Thursday, March 1, 2012

conceit.

Your religious views?
I'm born Catholic. I don't really agree with some of the Catholic beliefs but at the same time I'm really glad I was raised Catholic. My Momma used to make us go to church and for awhile I hated it but I understand why she did it. She wanted us to feel a sense of community and she wanted us to have a religious background, even if we didn't have the same beliefs. I appreciate that because even though I wouldn't consider myself a devout Catholic, it's nice to have faith in something. And there's things in my life that have happened to me that have made me believe in God. 
Have you ever self-harmed? Why?
I don't know really. I've never cut myself if that's what you're asking. 
Relationship with your father?
I love my daddy. He means the world to me. He has his flaws, but I do too. And at the end of the day, I know he wants what's best for me. 
Relationship with your mother?
It's complicated. I love Momma. We weren't close for a very long time and there's some things she's done that I don't think I'll ever really get over but at the end of the day she's my mother and I love her and she always has my best interest at heart. She's probably the most self-less person I know. She loves more unconditionally than any person I've ever met, to a fault actually. And I learned that from her, which isn't always a good thing. 
Is there someone in your life that you've been taking for granted?
I think that I take people for granted more than I'd like to. I wish I didn't but I know I do sometimes. I think we take for granted the people that mean the most to us because we just expect them to be there for us and to deal with out bullshit because we would for them. 
Have you ever been bullied?
Yep, I had an eating disorder because of it. I got bullied quite a bit when I was younger and sadly, I started bullying people after I lived through that. I remember it clearly. Grade 6. KW called me tank and it caught on. A lot of people called me that and I've never been tiny and I have never been content with my size. And at some point in high school I remember him telling me that I should be proud of who I become and that I look much better but it still stayed with me. And at that point, I had an eating disorder already. Words are scary, kids are mean. 
What is your sexuality? 
I like boys. That's all there is too it. 
Who makes you the happiest? 
Mouse. Without a doubt. No one and nothing can cheer me up like the moment I see her smile or hear her laugh. 
What is the most heroic thing you've ever done?
I honestly don't know. I'm not very heroic. The most courageous thing I've ever done is tell number twelve the truth. Or apologizing to KM. Those were two of the most difficult things I've ever done. 
What calms you down when you're upset? 
The gym. Writing. Laying in the arms of a certain boy. 
Have you ever fallen in love?
Depends on the day you ask me. Today, I'd say yes. Tomorrow I might not admit it.  
Had your heart broken?
Oh yes.
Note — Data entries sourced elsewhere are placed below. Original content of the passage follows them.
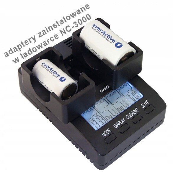 Високоякісний, оригінальний адаптер, який дозволяє заряджати будь-який Ni-MH/Ni-Cd акумулятор розміру R14 C або R20 D в everActive NC-3000 < зарядний пристрій /b>. Адаптер виготовлений з високоякісного матеріалу, його конструкція дозволяє також встановлювати його в професійний зарядний пристрій MH-C9000.
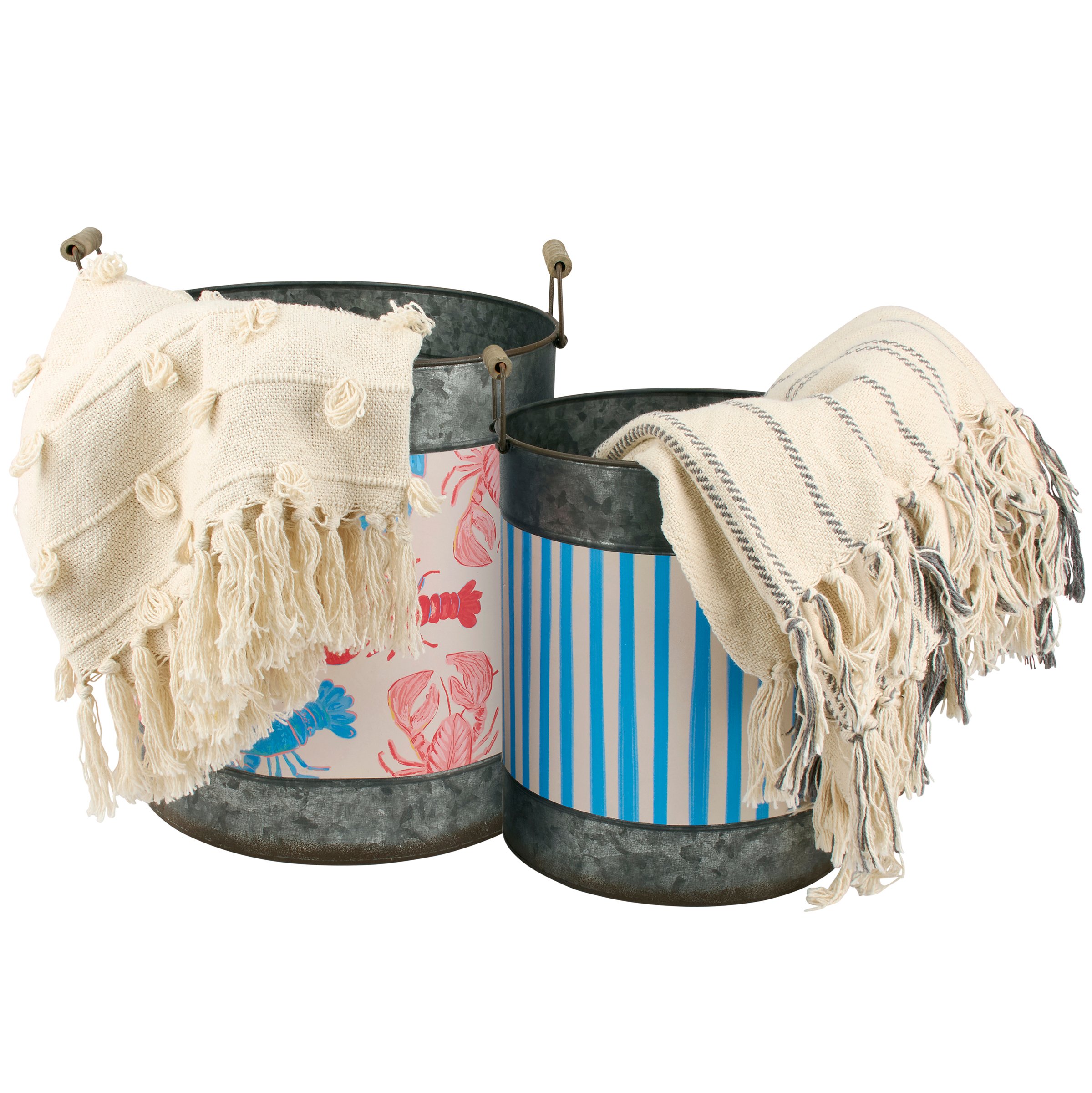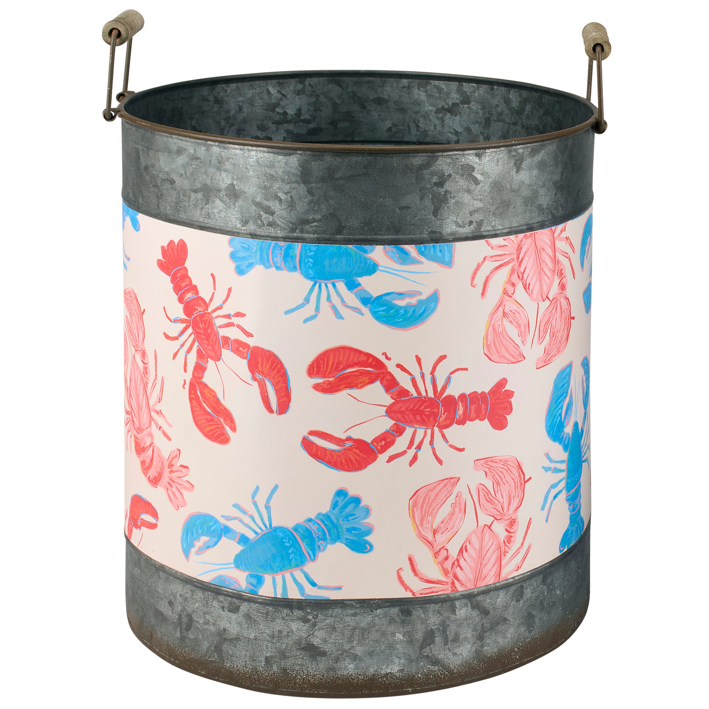 A set of 2 metal buckets in different sizes from our Beach Collection featuring individual full wrap-around designs inspired by Italian coastal style. Beach bucket designs include a pattern of lobsters on the larger bucket and a coordinating stripe pattern on the smaller bucket. Italian coastal designs are replicated from original art hand painted in a unique watercolor style. Accessories pictured not included. Our Lobsters bucket set includes metal handles with wooden grips for easy carrying and they nest inside each other for compact storage. A set of beach themed home accents with a variety of display options.
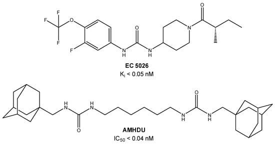 It is known that 1,3-disubstituted ureas are potent inhibitors of human soluble epoxide hydrolase (sEH) [1,2,3,4,5]. Such compounds are currently undergoing clinical (EC 5026, Figure 1) and preclinical (AMHDU, Figure 1) trials and may become a good alternative to opioid analgesics [6,7]. We have previously shown that symmetrical compounds containing two urea groups and two lipophilic fragments linked by an aliphatic spacer are capable of inhibiting soluble epoxide hydrolase in the picomolar concentration range [8]. However, from the point of view of synthetic chemistry, the described method is suitable for obtaining only symmetrical compounds, the properties of which are not always suitable for their use as drugs.
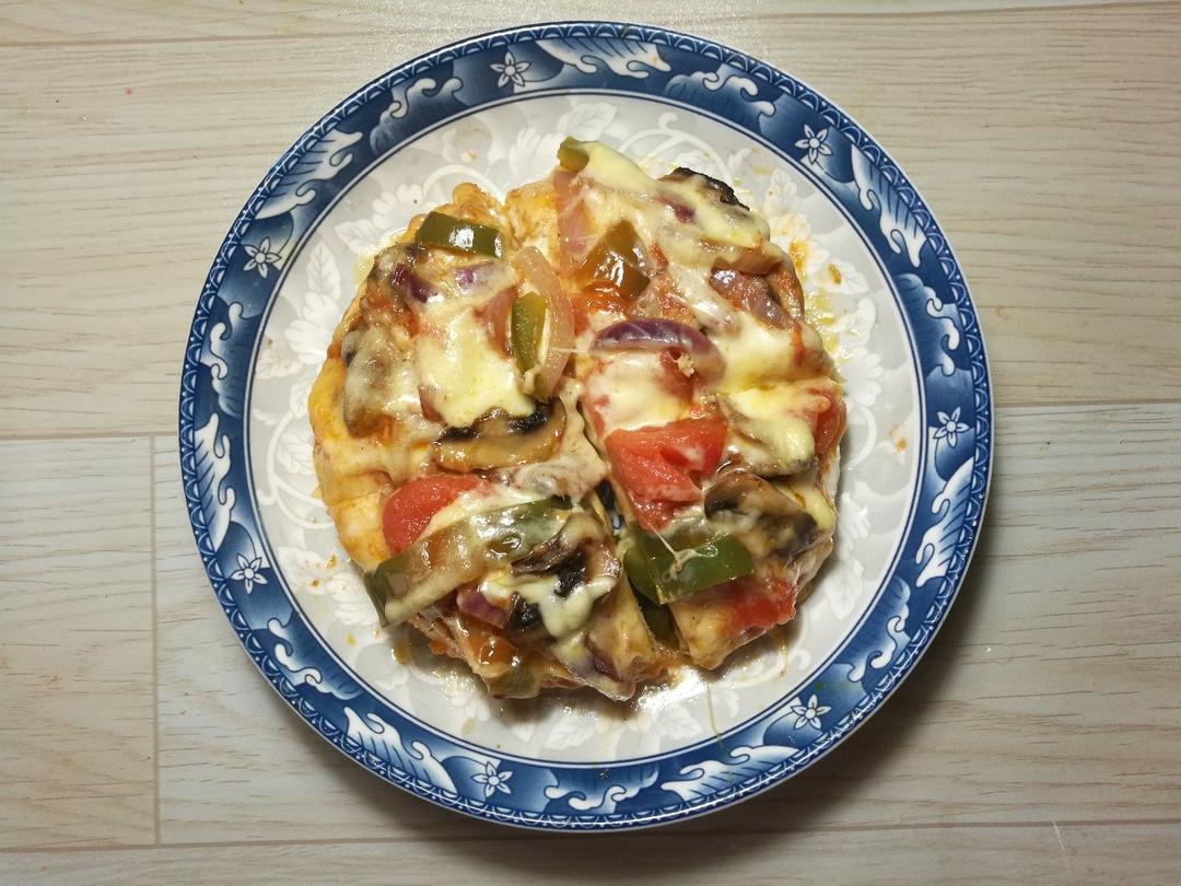 快手时蔬口蘑披萨,无拉丝不披萨。
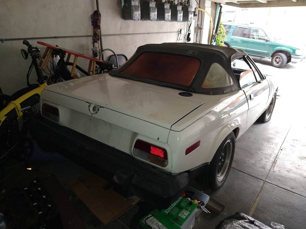 Fuel injection did not come “later in the production cycle” but was there from the beginning on the 1980 California TR8s. Those cars had fuel injection while the 49-state cars were carbureted (dual Zenith Strombergs). For 1981 all were fuel injected and the carbs were dropped. This car with Edelbrock manifold and 4 barrel has no chance of passing smog in CA, which might be why it’s been sitting for years, but at least the original carb setup apparently can be included in the sale. Also, the seller calls it a 1982, which isn’t possible since none were made after 1981 and the carbed ones like this were 1980 models.
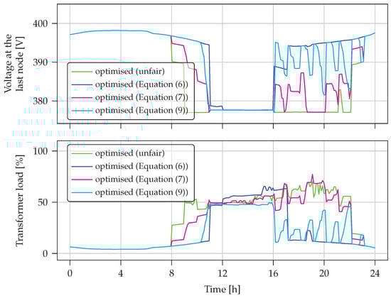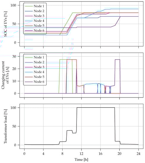17], although a “fair” distribution of charging power was mentioned, there were no constraints to ensure that lines were not overloaded and that node voltages did not drop too far.
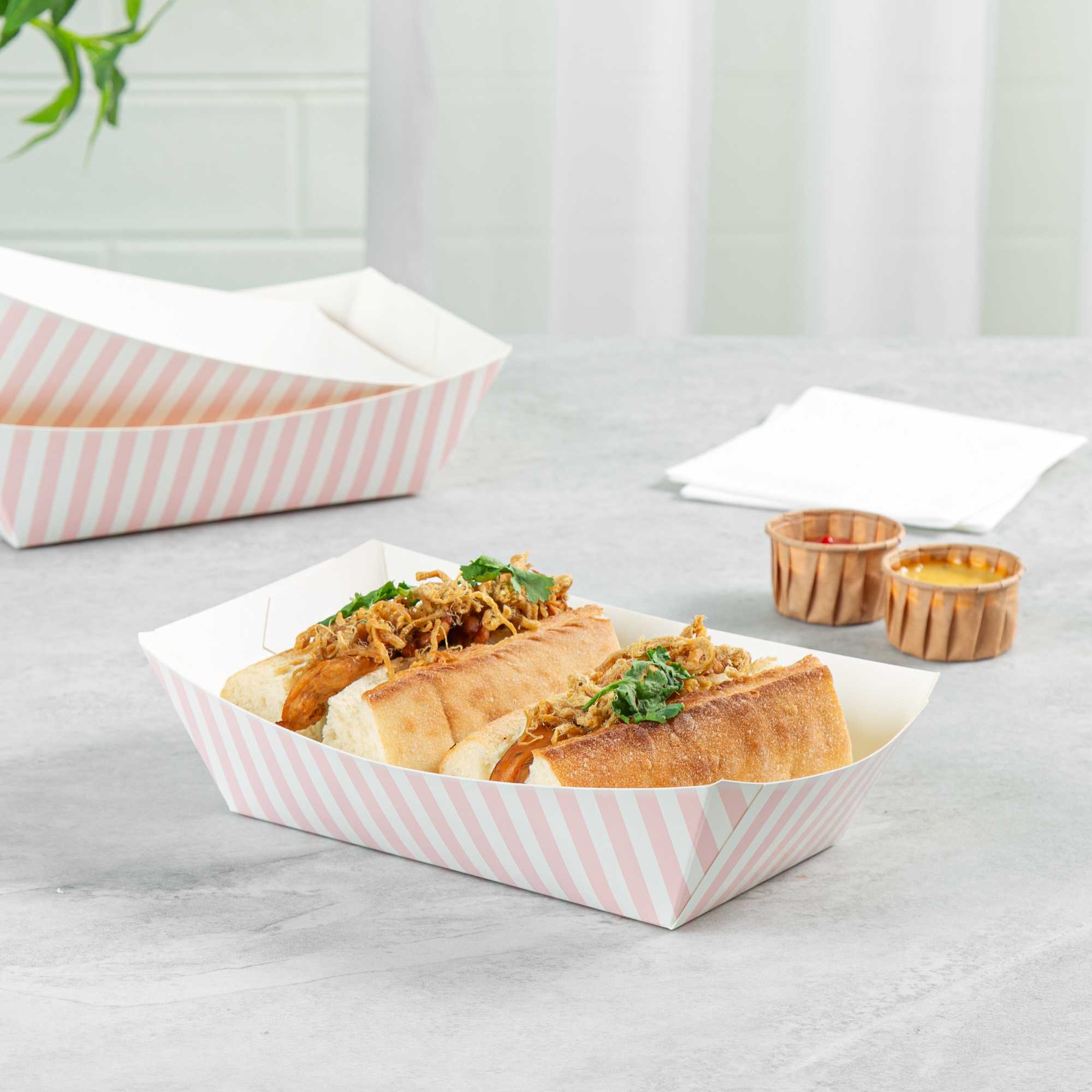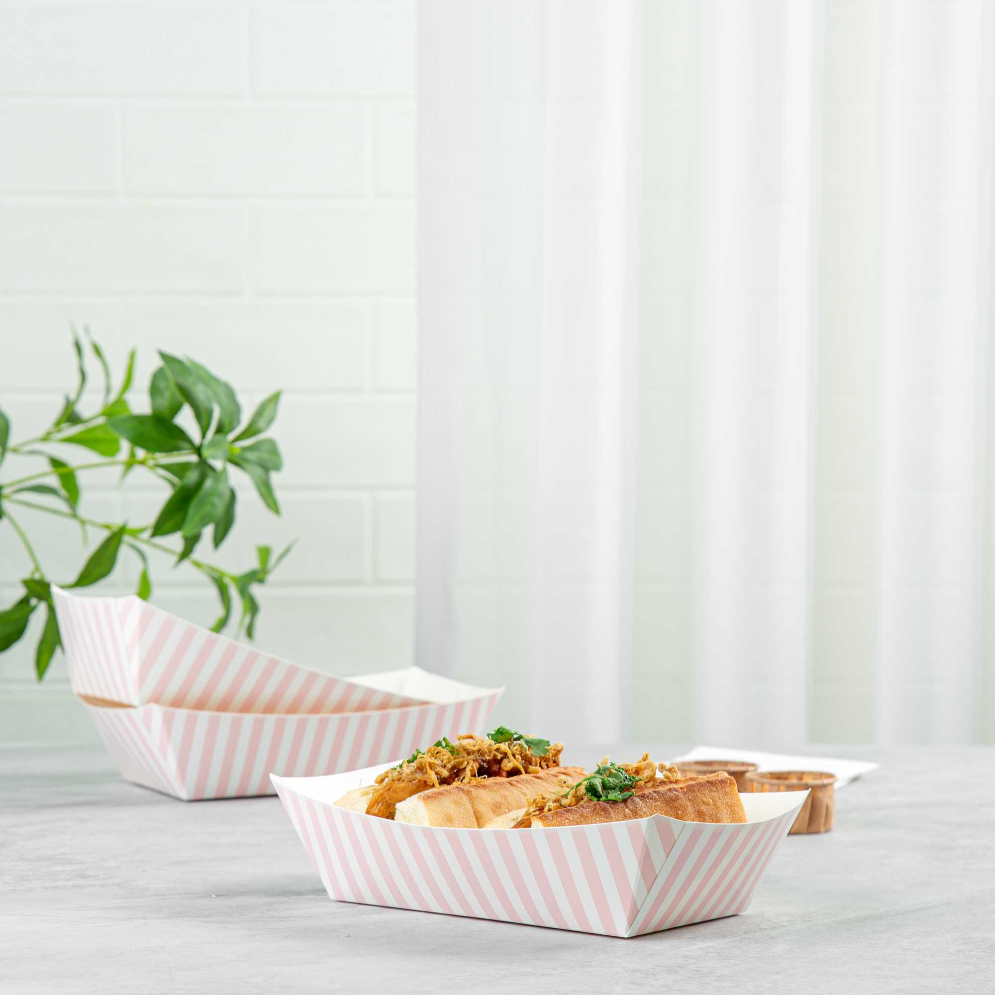2 LB PINK AND WHITE STRIPE PAPER #200 FOOD TRAY / BOAT
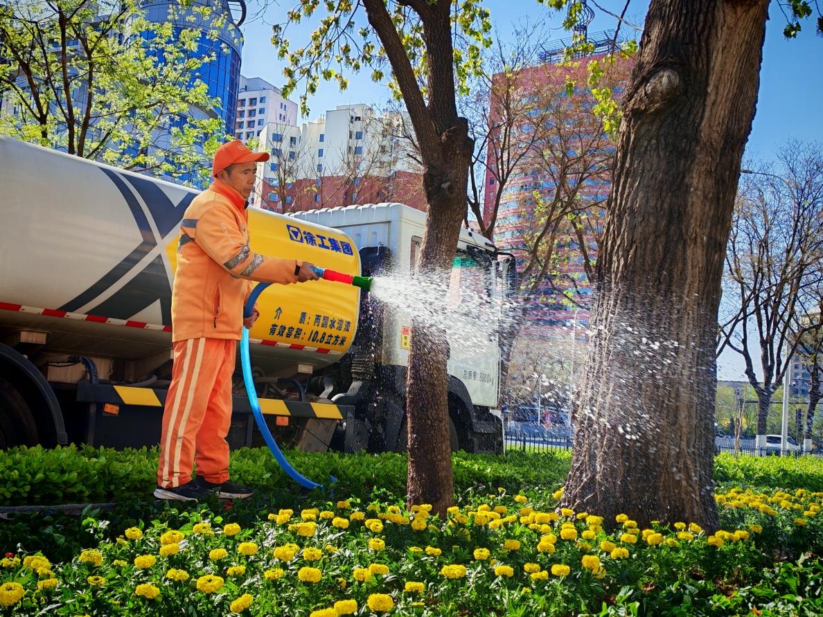 园林养护不停歇 扮靓城市迎五一
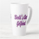 Mug with World's best girlfriend in 3D dark violet text. Mug available in several styles and colours.

I think it's a different kind of break when it's a boy you love. That's more like a shatter your heart. But I think we break peoples hearts more than we want. We put little chips and cracks in and eventually the person who starts to glue all those chips back together breaks it. I am a firm believer that only one person has truly broken my heart. But to be fair, as has been pointed out to be before, he's really the only person I've given the ability/opportunity to break my heart because I don't let people in. 
Have you been betrayed in the past? 
Haven't we all? We've all been betrayed and we've all betrayed. 
Who do you miss the most?
I don't actually know really.  
Have you ever attempted suicide? 
Yes. In essence it's why I've held on to my friendship with LG as long as I have. I probably wouldn't have put up with some of her shit had she not saved my life. I tried more than once. It's a pretty scary place to be. To know that at any moment, you could take your own life. I'm glad I'm not there any more and I hope that I never feel like that again. And I'd like to think that this time I'd be smarter, stronger. I'd talk to someone and take the proper steps to deal with it in a more positive way. But in all honesty, I don't really let people close enough for that.  
Share a secret?
There are many things I want in this life. I'm an incredibly selfish person and I know that. But at the end of the day, all I really want in life is to find someone that loves me as unconditionally as I love them.